(Beginning of Collected data)

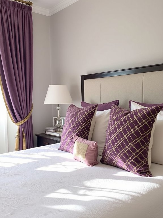 The pillows can be layered in various sizes from 16 to 20 inches and mixed textures like smooth silk and plush velvet. This combination of materials and dimensions adds depth to the overall design while maintaining a cohesive color palette that pairs relaxing lavender with glamorous gold touches.
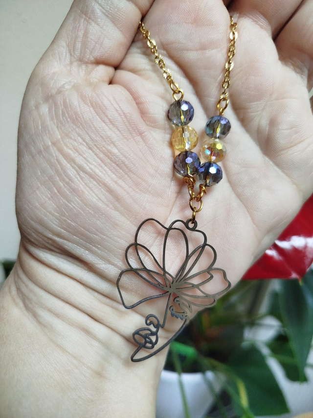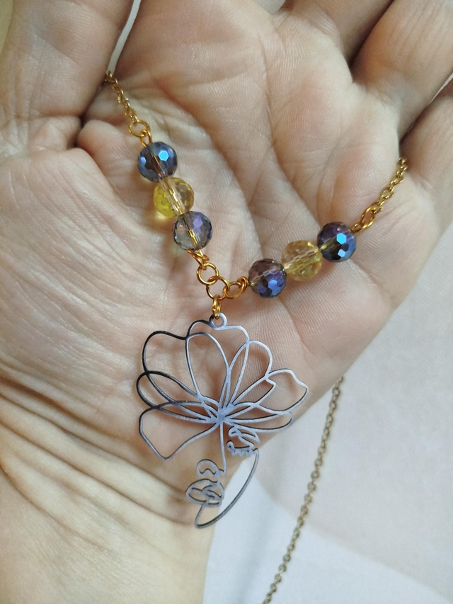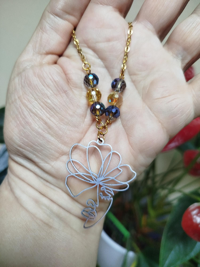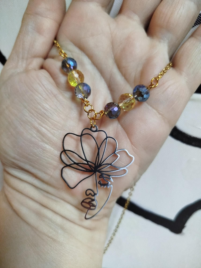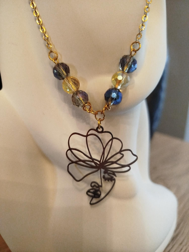 Alliance douce du bleu et de l’or : un visage stylisé fleuri suspendu à une chaîne dorée. Un bijou rayonnant, poétique et moderne.
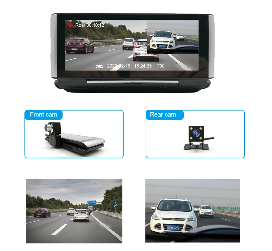 Запись Full HD 1080P и запись с двумя объективамиБолее качественные изображения помогают определить важные детали, такие как номерные знаки, драйверы и дорожные особенности, которые могут подтвердить вашу невинность.Этот автомобильный видеорегистратор имеет фронтальную камеру 1080P и заднюю камеру 720P, что позволяет одновременноЗаписывает видео с двух разных углов и имеет специальный два раздельных дисплея.
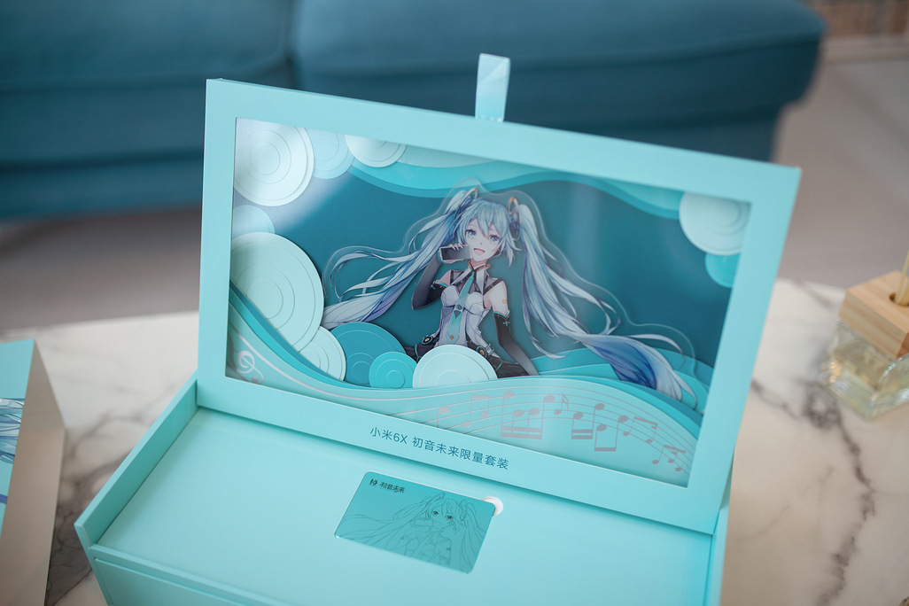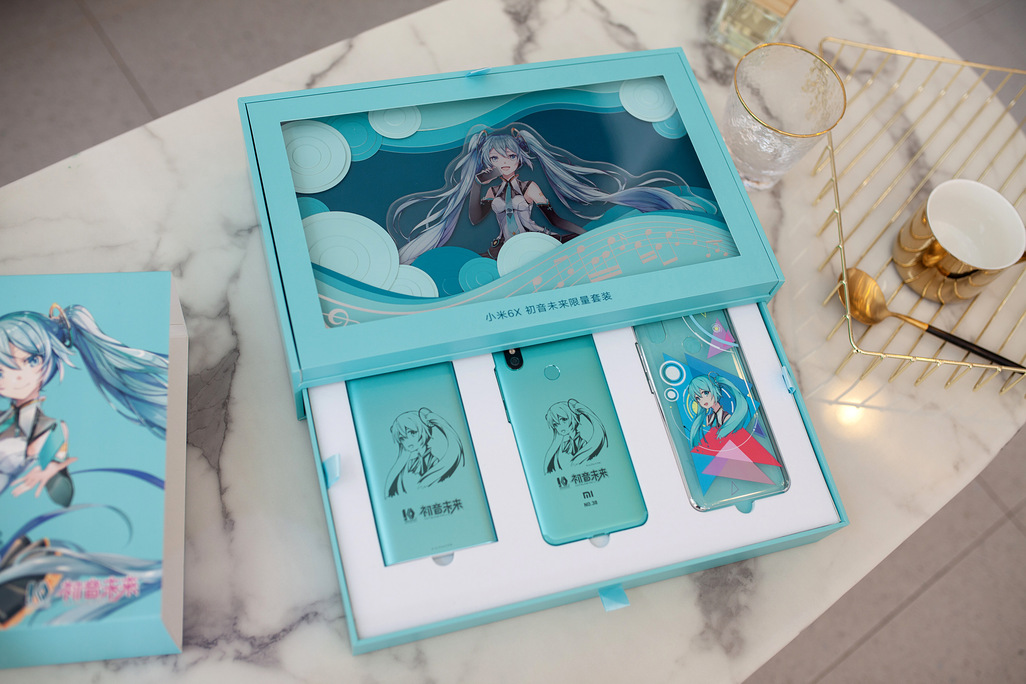 打开手机包装盒,我们可以看到里面有一台全球唯一编号的小米6X,机身背面雕刻着全新的初音未来形象,附赠一个初音未来定制保护壳、一个10000mAh的定制版移动电源以及限量金属铭牌。

(End of Collected data)

Exercise prompt:
Your copy must start at the line that holds "Alliance douce du" and end at the last line of the data, both included; it must contain no pictures.

Response to this exercise:
 Alliance douce du bleu et de l’or : un visage stylisé fleuri suspendu à une chaîne dorée. Un bijou rayonnant, poétique et moderne.
 Запись Full HD 1080P и запись с двумя объективамиБолее качественные изображения помогают определить важные детали, такие как номерные знаки, драйверы и дорожные особенности, которые могут подтвердить вашу невинность.Этот автомобильный видеорегистратор имеет фронтальную камеру 1080P и заднюю камеру 720P, что позволяет одновременноЗаписывает видео с двух разных углов и имеет специальный два раздельных дисплея.
 打开手机包装盒,我们可以看到里面有一台全球唯一编号的小米6X,机身背面雕刻着全新的初音未来形象,附赠一个初音未来定制保护壳、一个10000mAh的定制版移动电源以及限量金属铭牌。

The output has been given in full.